Vicente never shared with others his conversations with the coffee trees, but it wasn’t because he thought his brother Luisito would laugh at him, or that his father might question his sanity; it was because it was between him and the trees. The trees liked the murmur of his voice, his words wrapped around their leaves as gentle as the nightly fog. When he ate dinner, his thoughts were of the red coffee cherry nestled in the green leaves, not the rice and beans and malanga, and not even when they had pollo fricasé, his favorite. He was back en la finca, his gaze on the banana and plantain and guava shade trees, blessing their huge green fronds. When he examined the coffee cherries, he held his breath, exhaling only when he saw that they were healthy, that the lack of rain hadn’t dried the berries, or that too much rain hadn’t stripped the branches bare. When the green berries ripened, they would glisten on his palm like rubies.

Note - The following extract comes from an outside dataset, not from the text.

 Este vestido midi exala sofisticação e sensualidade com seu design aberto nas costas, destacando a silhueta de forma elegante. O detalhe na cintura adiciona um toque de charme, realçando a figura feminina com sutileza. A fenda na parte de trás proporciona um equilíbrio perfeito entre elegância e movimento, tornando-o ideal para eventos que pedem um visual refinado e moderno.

When he was a young boy, an eagle swooped down and tried to carry him off. Vicente was perched in a coffee tree, the basket full of berries strapped to his waist. The bird clutched his shirt in its yellow claws, and its great wings flapped like the sound of wind. The shirt tore. The strap snapped. Berries fell to the ground like hard rain. He tumbled down.

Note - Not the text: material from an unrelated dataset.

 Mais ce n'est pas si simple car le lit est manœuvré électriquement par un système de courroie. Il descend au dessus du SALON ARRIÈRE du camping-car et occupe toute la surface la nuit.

“Wake up!” His father stood over Vicente, who had fallen out of bed. “We have to go see about a pig.”

Dawn had yet to arrive when Vicente and his brother Luisito followed their father to la sala, where he took down the machete from the wall. The boys’ mother, Angelina, hated to see el machete hang beside the thick coil of rope as in any jíbaro home, but her husband insisted that it was the custom of the country to have tools near at hand. Vicente and Luisito stumbled behind their father in the fog. Cerro Morales, the mountain on which they lived, was colossal and forbidding; the boys, less sure-footed than their father, grasped at branches and vines along the way; they feared their father’s wrath more than the edge of the cliff.

The rooster announced them as they entered the batey of Sevilla’s house. A door opened and light came from a kerosene lamp.

“Sevilla, I warned you.”

Vicente shivered at his father’s words.

“Raúl Vega? Is that you?” Sevilla held up the lantern. “What do you mean coming to a man’s house like a thief?”

“I told you to repair your pigpen,” Vicente’s father said. “I grow vegetables to feed my family, not your pigs.”

“You can’t blame the pigs because your vegetables are so tasty,” Sevilla said.